Copy out the lines beginning at the one with "工場・ホテル・エレベーター・" and ending at the last line of the data, both included; pictures stay out.

- Stored dataset items
Content starts
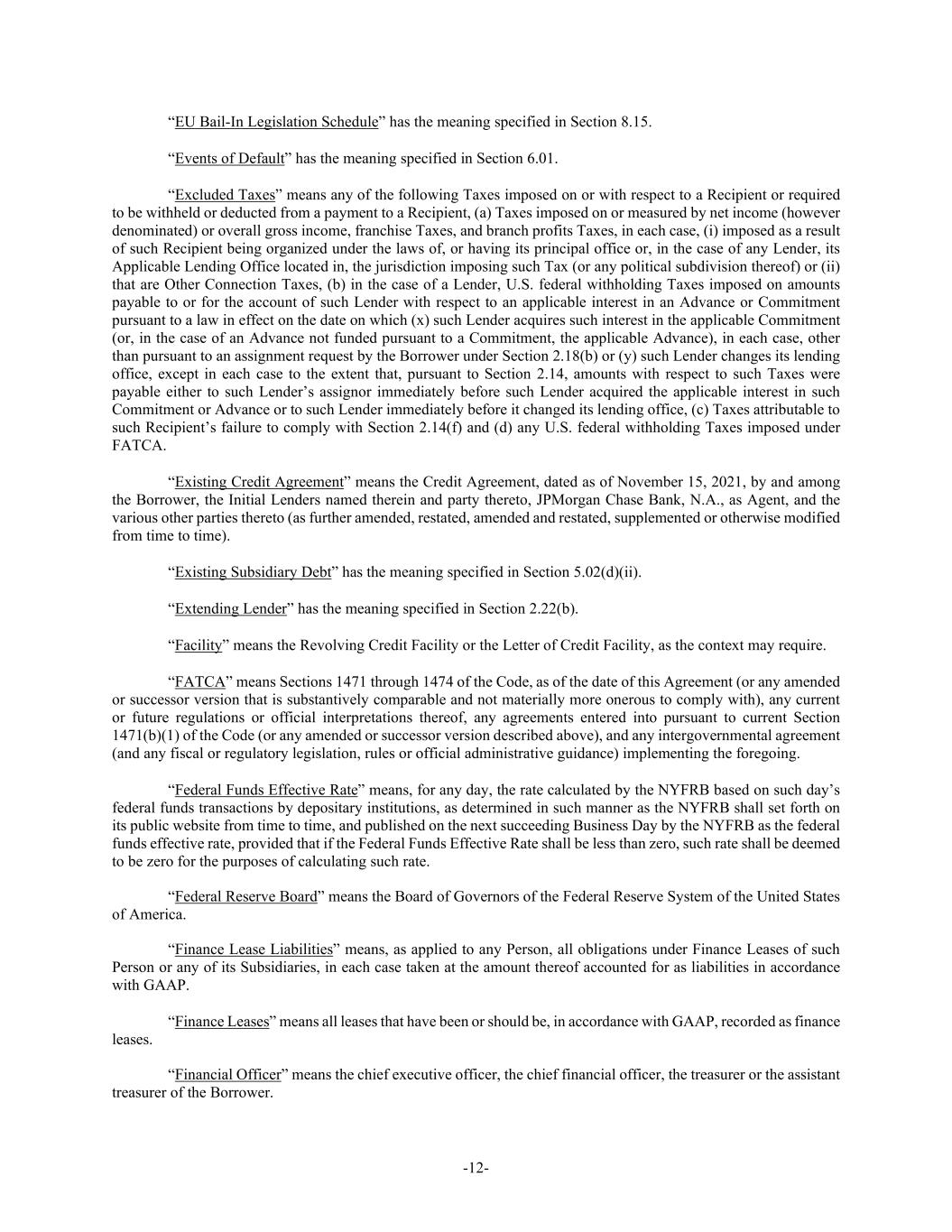 -12- “EU Bail-In Legislation Schedule” has the meaning specified in Section 8.15. “Events of Default” has the meaning specified in Section 6.01. “Excluded Taxes” means any of the following Taxes imposed on or with respect to a Recipient or required to be withheld or deducted from a payment to a Recipient, (a) Taxes imposed on or measured by net income (however denominated) or overall gross income, franchise Taxes, and branch profits Taxes, in each case, (i) imposed as a result of such Recipient being organized under the laws of, or having its principal office or, in the case of any Lender, its Applicable Lending Office located in, the jurisdiction imposing such Tax (or any political subdivision thereof) or (ii) that are Other Connection Taxes, (b) in the case of a Lender, U.S. federal withholding Taxes imposed on amounts payable to or for the account of such Lender with respect to an applicable interest in an Advance or Commitment pursuant to a law in effect on the date on which (x) such Lender acquires such interest in the applicable Commitment (or, in the case of an Advance not funded pursuant to a Commitment, the applicable Advance), in each case, other than pursuant to an assignment request by the Borrower under Section 2.18(b) or (y) such Lender changes its lending office, except in each case to the extent that, pursuant to Section 2.14, amounts with respect to such Taxes were payable either to such Lender’s assignor immediately before such Lender acquired the applicable interest in such Commitment or Advance or to such Lender immediately before it changed its lending office, (c) Taxes attributable to such Recipient’s failure to comply with Section 2.14(f) and (d) any U.S. federal withholding Taxes imposed under FATCA. “Existing Credit Agreement” means the Credit Agreement, dated as of November 15, 2021, by and among the Borrower, the Initial Lenders named therein and party thereto, JPMorgan Chase Bank, N.A., as Agent, and the various other parties thereto (as further amended, restated, amended and restated, supplemented or otherwise modified from time to time). “Existing Subsidiary Debt” has the meaning specified in Section 5.02(d)(ii). “Extending Lender” has the meaning specified in Section 2.22(b). “Facility” means the Revolving Credit Facility or the Letter of Credit Facility, as the context may require. “FATCA” means Sections 1471 through 1474 of the Code, as of the date of this Agreement (or any amended or successor version that is substantively comparable and not materially more onerous to comply with), any current or future regulations or official interpretations thereof, any agreements entered into pursuant to current Section 1471(b)(1) of the Code (or any amended or successor version described above), and any intergovernmental agreement (and any fiscal or regulatory legislation, rules or official administrative guidance) implementing the foregoing. “Federal Funds Effective Rate” means, for any day, the rate calculated by the NYFRB based on such day’s federal funds transactions by depositary institutions, as determined in such manner as the NYFRB shall set forth on its public website from time to time, and published on the next succeeding Business Day by the NYFRB as the federal funds effective rate, provided that if the Federal Funds Effective Rate shall be less than zero, such rate shall be deemed to be zero for the purposes of calculating such rate. “Federal Reserve Board” means the Board of Governors of the Federal Reserve System of the United States of America. “Finance Lease Liabilities” means, as applied to any Person, all obligations under Finance Leases of such Person or any of its Subsidiaries, in each case taken at the amount thereof accounted for as liabilities in accordance with GAAP. “Finance Leases” means all leases that have been or should be, in accordance with GAAP, recorded as finance leases. “Financial Officer” means the chief executive officer, the chief financial officer, the treasurer or the assistant treasurer of the Borrower.
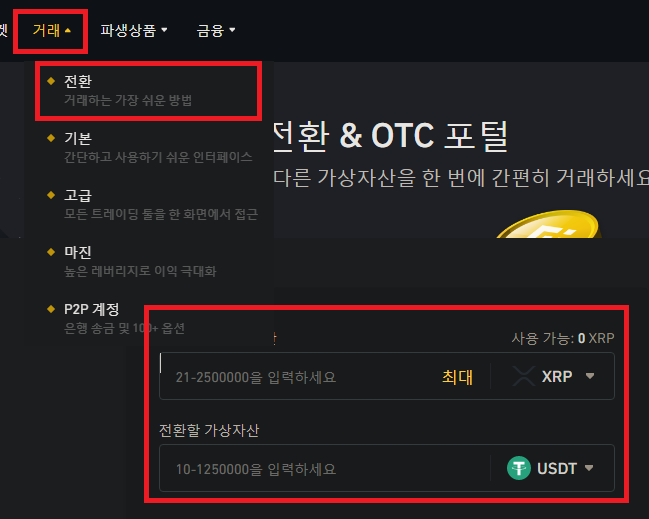 상단의 거래 탭 -> 전환 -> 에서 화폐를 XRP로 맞춘다음 전환할 가상자산을 USDT로 바꾸면 된다. USDT는 1달러의 가치를 지니기 때문에 본인이 가진 암호화폐를 일종의 달러로 바꾼다고 생각하면 된다. 이렇게 USDT까지 변환을 완료했다면 본격적으로 선물 시장으로 이동해 매수(롱) 또는 매도(숏) 포지션을 잡아보도록 하자.
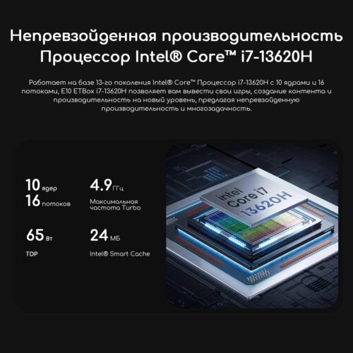 Неттоп Acer Gadget E10 ETBox i7 13620H представляет собой высокопроизводительный компактный компьютер, идеально подходящий для решения широкого спектра задач в офисе, домашнем использовании и профессиональной сфере. Оснащённый мощным процессором Intel Core i7 13620H с тактовой частотой до 2.4 ГГц, данный неттоп обеспечивает высокую производительность при выполнении ресурсоёмких приложений и многозадачности.
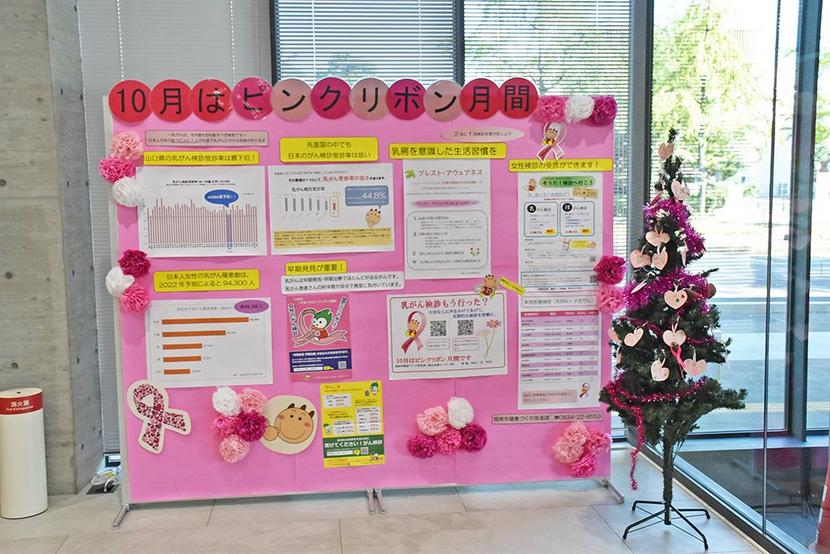 10月は乳がんの早期発見などを呼び掛けるピンクリボン月間。周南市は市役所1階のロビーにピンク色の啓発展示を設置し、新南陽駅前では10月末まで新南陽商工会議所女...
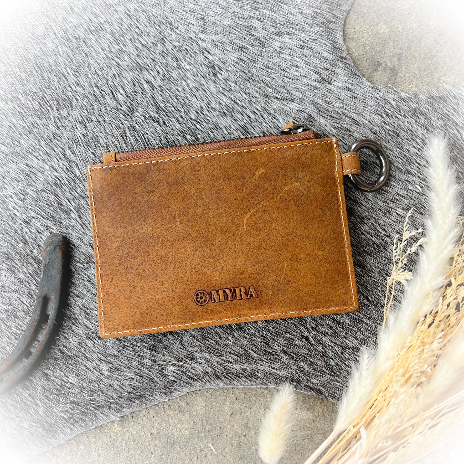 Embrace minimalist Western style with this compact card keeper, featuring authentic hair-on hide framed by desert-worn leather. Perfect for the modern trail blazer, this mini-wallet combines ranch-inspired design with city sophistication. The secure snap closure and handy key ring keep your essentials close at hand.
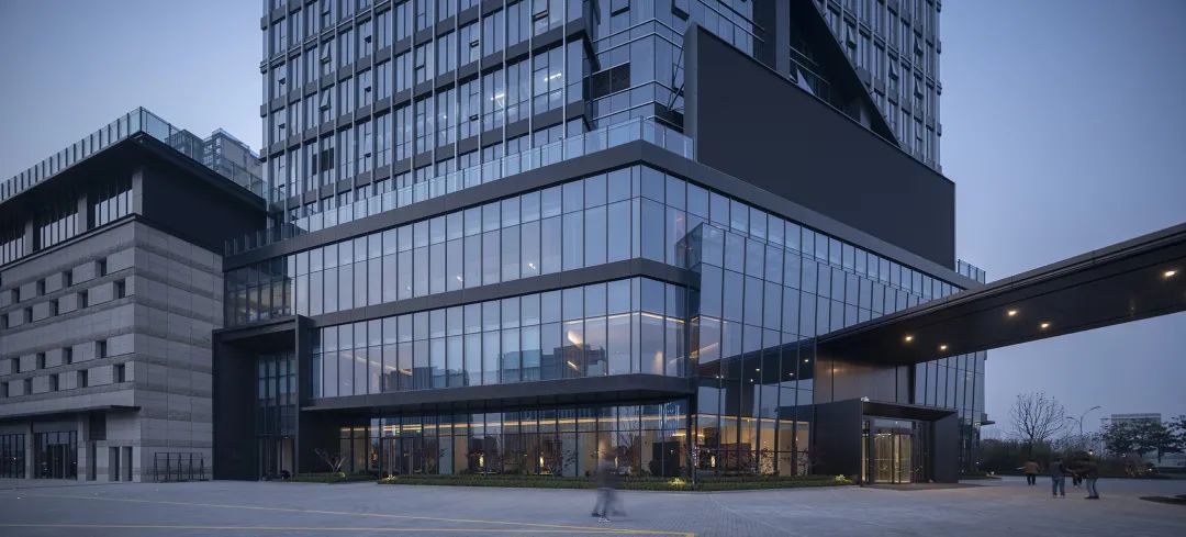 整个主塔底部也被设计成了斜切的造型与塔冠相呼应,形成整体统一的效果。
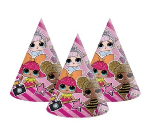 7. Czapeczki papierowe LOL Surprise - 6 sztuk (wysokość 16cm, średnica 10cm, posiada gumeczkę do mocowania).
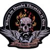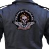 I’m happy and proud to be able to offer this great looking and unique biker patch. It features vibrant red, orange and yellow flames around a skull and teeth with wings underneath. Has the words “When in Doubt Throttle it Out” and “Go Hog Wild” in brown and silver letters. Can be sewn or ironed on. I have this in two sizes:
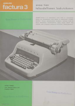 Prospekt in finnischer Sprache für die Schreib- und Fakturiermaschine Adler Factura 3. factura 3 avaa tien taloudelliseen laskutukseen
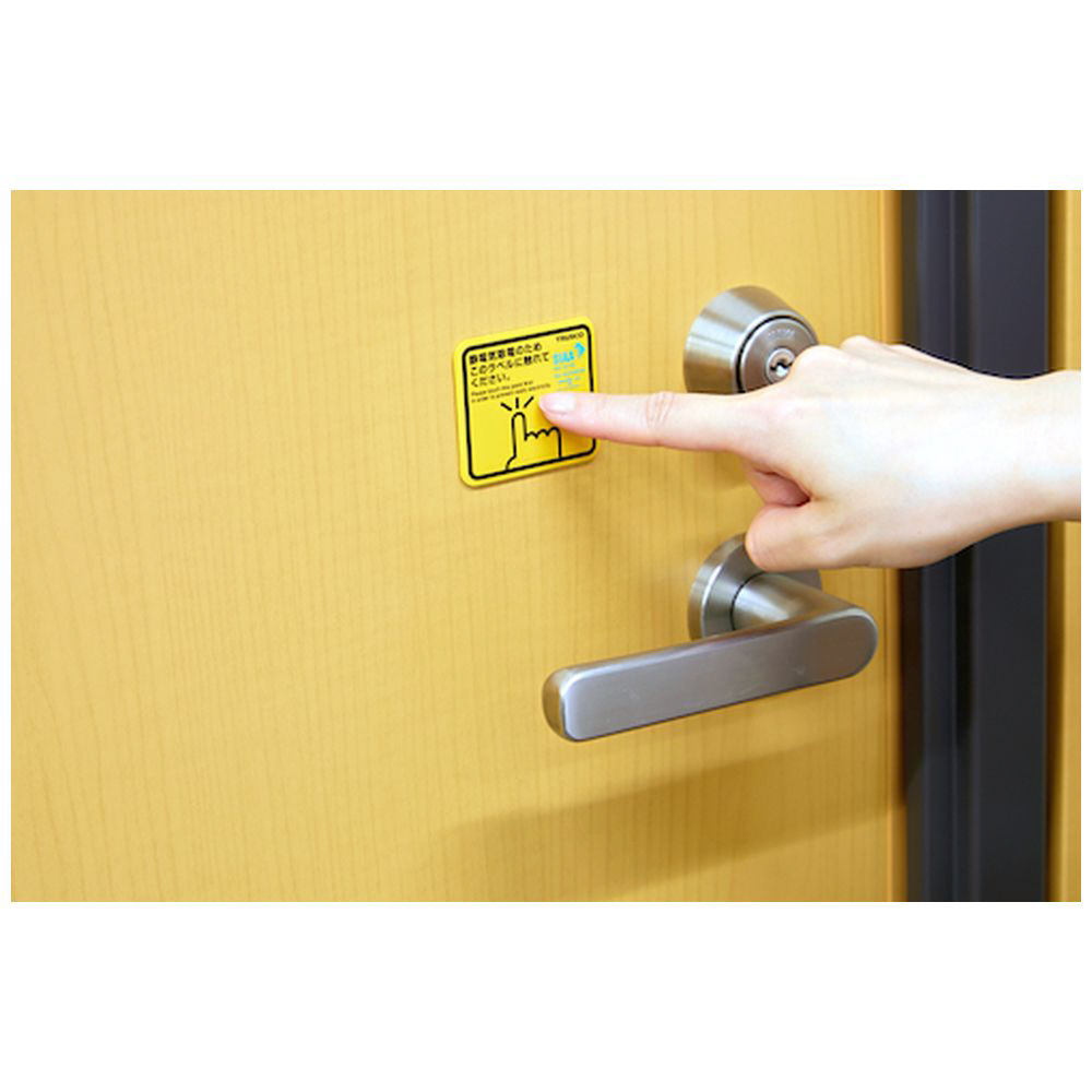 工場・ホテル・エレベーター・一般家庭・事務所などのドアをはじめ、あらゆる金属部分に貼り付け、触れるだけで体に溜まった静電気を除去します。
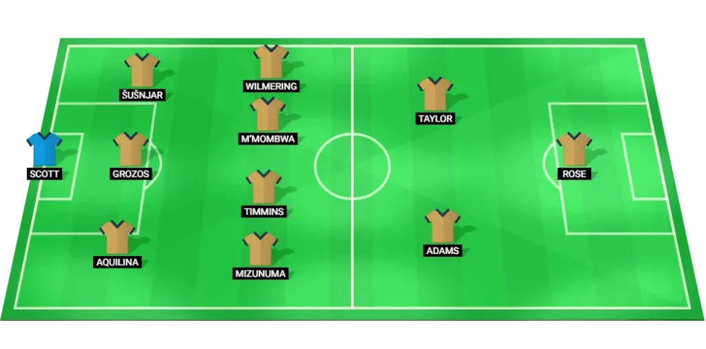 The Jets, led by Eli Adams, will likely opt for a 3-4-2-1 setup despite recent struggles: Scott (GK), Aquilina (DF), Grozos (DF), Šušnjar (DF), Mizunuma (MF), Timmins (MF), M’Mombwa (MF), Wilmering (MF), Adams (MF), Taylor (MF), Rose (FW).
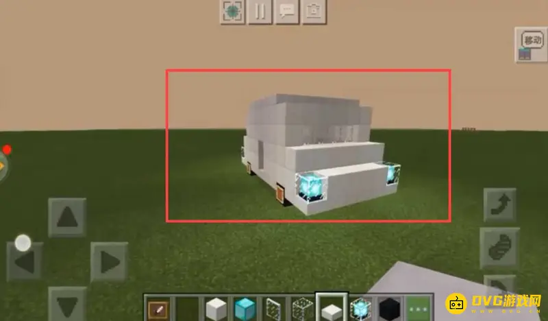 3、搭建汽车身体部分,分别用玻璃当做车窗,放置铁门,最后在车内放上床和其他装饰品,这样车就做好了,玩家可以尝试将 车启动驾驶向远方,图片如下:
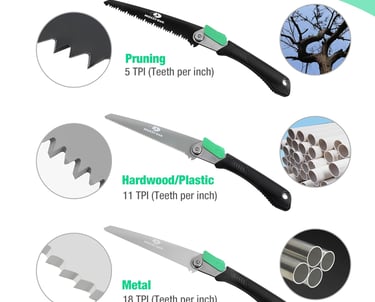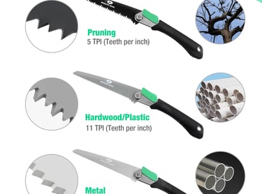 Mossy Oak Pruning Saw, Folding Hand Saw with Secure Lock, 3 Blades Made of Cr-V and 65Mn, for Wood, Bone, PVC, Tree Pruning, Camping, Hunting, Non-Ferrous...
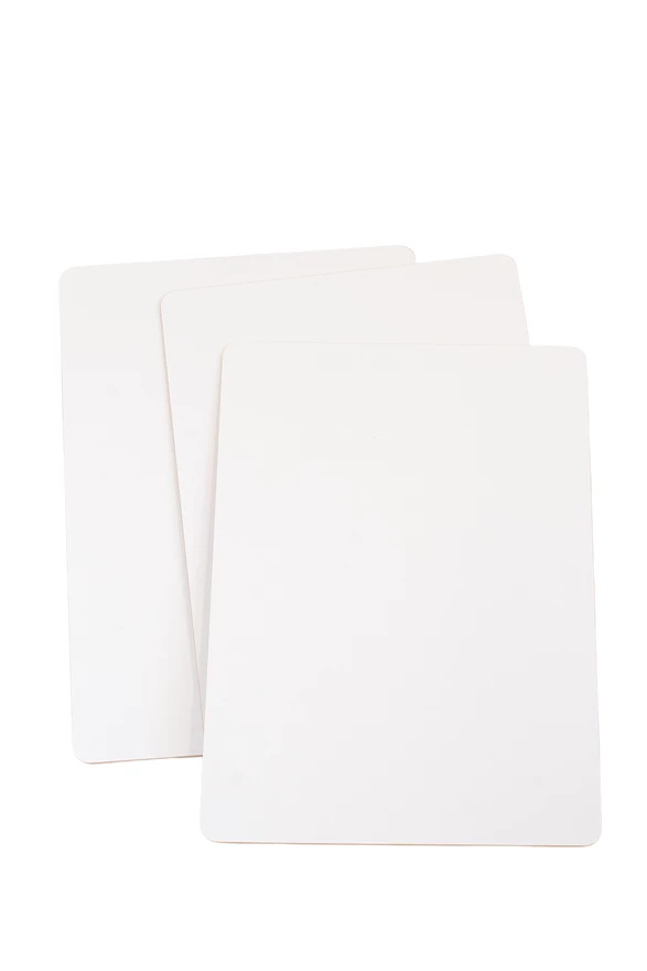 Dry erase boards allow you to check student understanding quickly. The boards have a white board surface and rounded corners for safety. The boards are easily erased with a soft paper towel or cloth. They come in a package of 12.
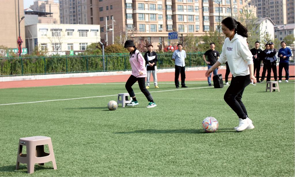 本次运动会共六个项目,分别是盲人摸象、带球绕杆、托球跑、四人五足、实心球掷准和点球大战。各项比赛按名次先后记分,根据比赛的总得分进行排名。赛场上,教师们尽情挥洒汗水,场外观众也时刻关注比赛动向,为参赛教师加油鼓气、呐喊助威,场面欢快热闹,留下阵阵欢声笑语。盲人摸象环节展现了教师对距离预估的准确判断力;带球绕杆项目展现教师们非凡的控球能力;拖球跑环节中更是欢快无比、不亦乐乎,教师们在保证乒乓球不掉落的情况下,火速向前,健步如飞,将球移交给接力队员,尽力缩短小组用时;四人五足的游戏中,教师们以响亮整齐的口号,同心齐步,超越向前,展现出互帮互助,团结协作的精神;最后的点球大战,教师们用一次次精彩的射门为本次趣味运动会画上完美的句号。
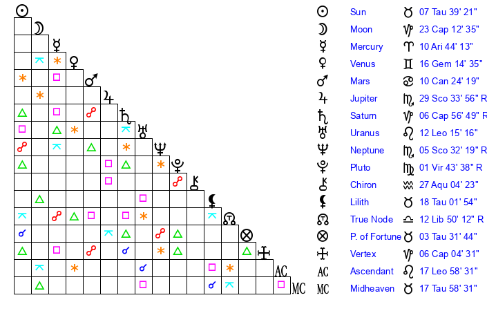 | Moon | 23 Capricorn 14 | 21 Taurus 28 | 14 Gemini 20 |
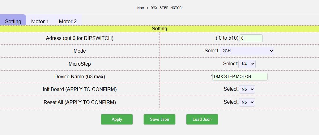 Avec votre console en fonction du mode de fonctionnement (Fixture) et de l’adresse assignée, vous pouvez maintenant contrôler la position et la rotation de vos moteurs connectés sur la Carte DMX pour 2 Moteurs pas à pas Bipolaire.
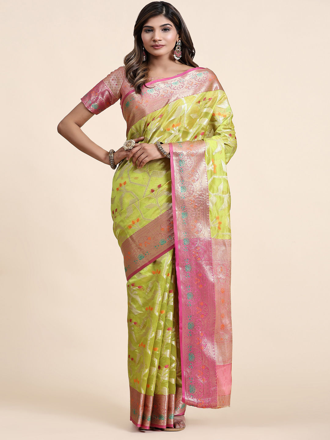 Yellow color Saree in Organza Silk fabric with Weaving work
Content ends
- RESPONSE
 工場・ホテル・エレベーター・一般家庭・事務所などのドアをはじめ、あらゆる金属部分に貼り付け、触れるだけで体に溜まった静電気を除去します。
 The Jets, led by Eli Adams, will likely opt for a 3-4-2-1 setup despite recent struggles: Scott (GK), Aquilina (DF), Grozos (DF), Šušnjar (DF), Mizunuma (MF), Timmins (MF), M’Mombwa (MF), Wilmering (MF), Adams (MF), Taylor (MF), Rose (FW).
 3、搭建汽车身体部分,分别用玻璃当做车窗,放置铁门,最后在车内放上床和其他装饰品,这样车就做好了,玩家可以尝试将 车启动驾驶向远方,图片如下:
 Mossy Oak Pruning Saw, Folding Hand Saw with Secure Lock, 3 Blades Made of Cr-V and 65Mn, for Wood, Bone, PVC, Tree Pruning, Camping, Hunting, Non-Ferrous...
 Dry erase boards allow you to check student understanding quickly. The boards have a white board surface and rounded corners for safety. The boards are easily erased with a soft paper towel or cloth. They come in a package of 12.
 本次运动会共六个项目,分别是盲人摸象、带球绕杆、托球跑、四人五足、实心球掷准和点球大战。各项比赛按名次先后记分,根据比赛的总得分进行排名。赛场上,教师们尽情挥洒汗水,场外观众也时刻关注比赛动向,为参赛教师加油鼓气、呐喊助威,场面欢快热闹,留下阵阵欢声笑语。盲人摸象环节展现了教师对距离预估的准确判断力;带球绕杆项目展现教师们非凡的控球能力;拖球跑环节中更是欢快无比、不亦乐乎,教师们在保证乒乓球不掉落的情况下,火速向前,健步如飞,将球移交给接力队员,尽力缩短小组用时;四人五足的游戏中,教师们以响亮整齐的口号,同心齐步,超越向前,展现出互帮互助,团结协作的精神;最后的点球大战,教师们用一次次精彩的射门为本次趣味运动会画上完美的句号。
 | Moon | 23 Capricorn 14 | 21 Taurus 28 | 14 Gemini 20 |
 Avec votre console en fonction du mode de fonctionnement (Fixture) et de l’adresse assignée, vous pouvez maintenant contrôler la position et la rotation de vos moteurs connectés sur la Carte DMX pour 2 Moteurs pas à pas Bipolaire.
 Yellow color Saree in Organza Silk fabric with Weaving work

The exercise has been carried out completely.